Fragen spielen aus der Sicht eines Sachverständigen in einem Gerichtsverfahren eine zentrale Rolle. Im Laufe eines Verfahrens kommen Fragen auf, die nur der Fachexperte beantworten kann. Das Gericht fasst sie in einem Beschluss zusammen und beauftragt den Sachverständigen, eine Antwort darauf zu geben. Was aber aus verschieden Gründen oft nicht klappt: Etwa wenn die Sache in ein anderes Fachgebiet gehört, wenn eine Antwort darauf mangels ausreichender Grundlagen nicht möglich ist oder wenn Fragen für das Verfahren zweitrangig oder gar unwichtig werden. Das war in der Verhandlung heute der Fall.
„Das Gericht besucht sie auch gerne einmal zu Hause!“ – Einen Werbespruch dieser Art gibt es nicht, er würde wohl bei vielen eher ein mulmiges Gefühl hinterlassen. Der kleine Scherz sei aber erlaubt, denn in meiner Laufbahn ist es schon des Öfteren vorgekommen, dass eine „Tagsatzung“, wie das so schön im Gerichtsdeutsch heißt, in privaten Räumen oder Liegenschaften stattgefunden hat. Dass ist zweckmäßig, wenn sich zum Beispiel der Richter selbst einen Überblick verschaffen möchte oder aber wenn Sachverhalte vorliegen, die nur durch richterlichen Ortsaugenschein oder Vernehmungen vor Ort geklärt werden können.

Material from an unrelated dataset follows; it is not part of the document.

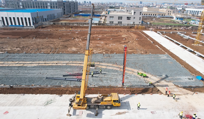 含山金桥产业合作园四期项目子工程位于含山县经济开发区,用地面积约151.62亩,新建总建筑面积74969.51平方米,项目主要建设内容包括厂房、办公楼、宿舍楼及门卫等附属工程,建成后为金属冷加工厂区。为保证此次吊装顺利进行,项目部主动作为、多方联动,积极推进节后复工复产各项工作,稳定施工材料供应、补齐人力资源短板。在施工前对作业人员进行详细的安全技术交底,严格按照施工设计组织施工,充分保障吊装施工的质量与安全。项目部将持续发扬“一天也不耽误,一天也不懈怠”的企业精神,践行“24小时工作法”,高效推动项目施工进度,真抓实干、多措并举,筑造高品质工程。
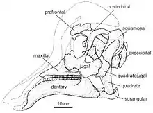 The holotype, or original specimen, consists of only a maxilla (upper jaw bone), and a dentary (lower jaw bone), both from the left side of the same individual. However, most of the other bones of the skull and skeleton have also been preserved in the bonebed, albeit of many different individuals. This other material was described more recently, making Amurosaurus the most abundant and completely known Russian dinosaur.[4]

Konzentration auf Wesentliches …
In meinem Fall ging es aber um das Thema Fragen. Das gegenständliche Gerichtsverfahren dauerte schon eine ganze Weile, meine erste Befundaufnahme lag schon ein Jahr zurück. Seither hatte es mehrere Verhandlungen mit Vernehmung von Parteien und Zeugen gegeben. Die ursprünglich der Befundung zugrundeliegenden Fragen des Gerichts hatten in der Zwischenzeit einiges an Zuwachs bekommen, ergänzende Befundaufnahmen waren erforderlich geworden. Dazu kam, dass sich aufgrund der Zeugenaussagen und der Ereignisse der Fokus des Verfahrens allmählich auf wenige Fragen zu konzentrieren begann und die anderen in den Hintergrund traten.
… führt zum Setzen von Prioritäten
Im Endeffekt hatte dies zur Folge, dass die vollständige Klärung der Sachverhalte und die Beantwortung der wenigen zentralen Fragen in rechtlicher Hinsicht ausreichen würden, um in der Sache ein Urteil zu sprechen und das Verfahren in dieser Instanz zu beenden. Die Beantwortung der restlichen – etwa zwanzig – Fragen wäre somit nicht erforderlich. Für mich bedeutete dies zweierlei: Erstens wurde der Gutachtensauftrag auf die Beantwortung der wenigen Fragen eingeschränkt, das Gutachten würde also wesentlich kürzer ausfallen als ursprünglich vorgesehen.
Kosten und Termine
Zweitens hatte ich aber auch zu beachten, dass bereits beträchtlicher Zeitaufwand in die Beantwortung der restlichen Fragen gesteckt worden war. Meine erforderliche Reaktion darauf war ein entsprechender Hinweis an Richter und Parteienvertreter. Diese nahmen den genannten Betrag zur Kenntnis und auch den noch zu erwartenden Aufwand. Danach wurde noch die Terminsituation erörtert, was insofern spannend war, dass wir alle noch nichts vom kommenden Lockdown wussten. Alle geplanten Termine waren für die Zeit danach angesetzt. Kann nur hoffen, dass weitere Sachverständige und Hilfskräfte mitspielen.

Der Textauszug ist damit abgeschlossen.